Chris - And you have, through the genome, got the genetic sequence, the recipe effectively for their haemoglobin. And does it show adaptations or differences?

Kevin - We studied three different Steller's sea cows, and we found a very unusual mutation in their haemoglobin. And we found a change in the beta subunit at a site that is perfectly conserved in all other mammals. At this one position, it's a lysine, which is a very strong, positively charged amino acid, but in Steller's sea cows, it changed from a lysine to glutamine, which is a neutral charged molecule.

Chris - And what do you predict that would do to the haemoglobin in the Steller's sea cow?

Kevin - Well, fortunately, there are some humans that carry the same mutation. It actually causes an increase in the overall blood oxygen affinity.

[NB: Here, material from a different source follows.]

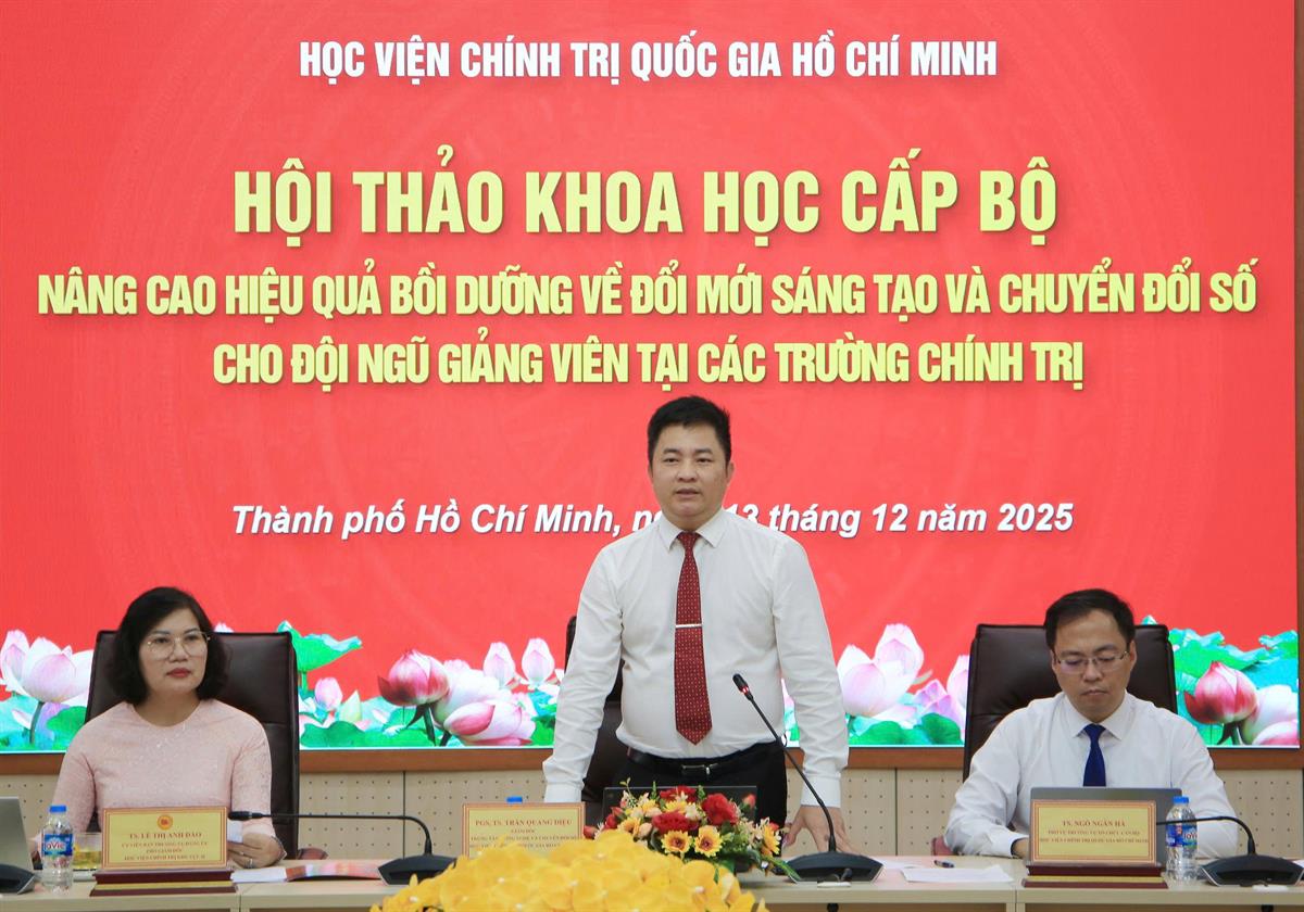 Phát biểu tổng kết và bế mạc Hội thảo, PGS,TS Trần Quang Diệu, Giám đốc Trung tâm Công nghệ và Chuyển đổi số khẳng định, Hội thảo khoa học cấp Bộ “Nâng cao hiệu quả bồi dưỡng về đổi mới sáng tạo và chuyển đổi số cho đội ngũ giảng viên tại các trường chính trị” diễn ra trong bối cảnh đặc biệt quan trọng, khi toàn Đảng, toàn quân và toàn dân đang nỗ lực hiện thực hóa khát vọng phát triển đất nước trong kỷ nguyên vươn mình của dân tộc.

Chris - The problem that the Steller's sea cows are grappling with is, in the cold, they want to give up oxygen from their bloodstream into their tissues, but without having to have a ferocious rate of blood flow to get enough oxygen in. So they want their haemoglobin to give it up readily. If it increases the affinity, this change of the haemoglobin for oxygen, does that mean the haemoglobin hangs onto it better? In which case, how does that serve their purposes?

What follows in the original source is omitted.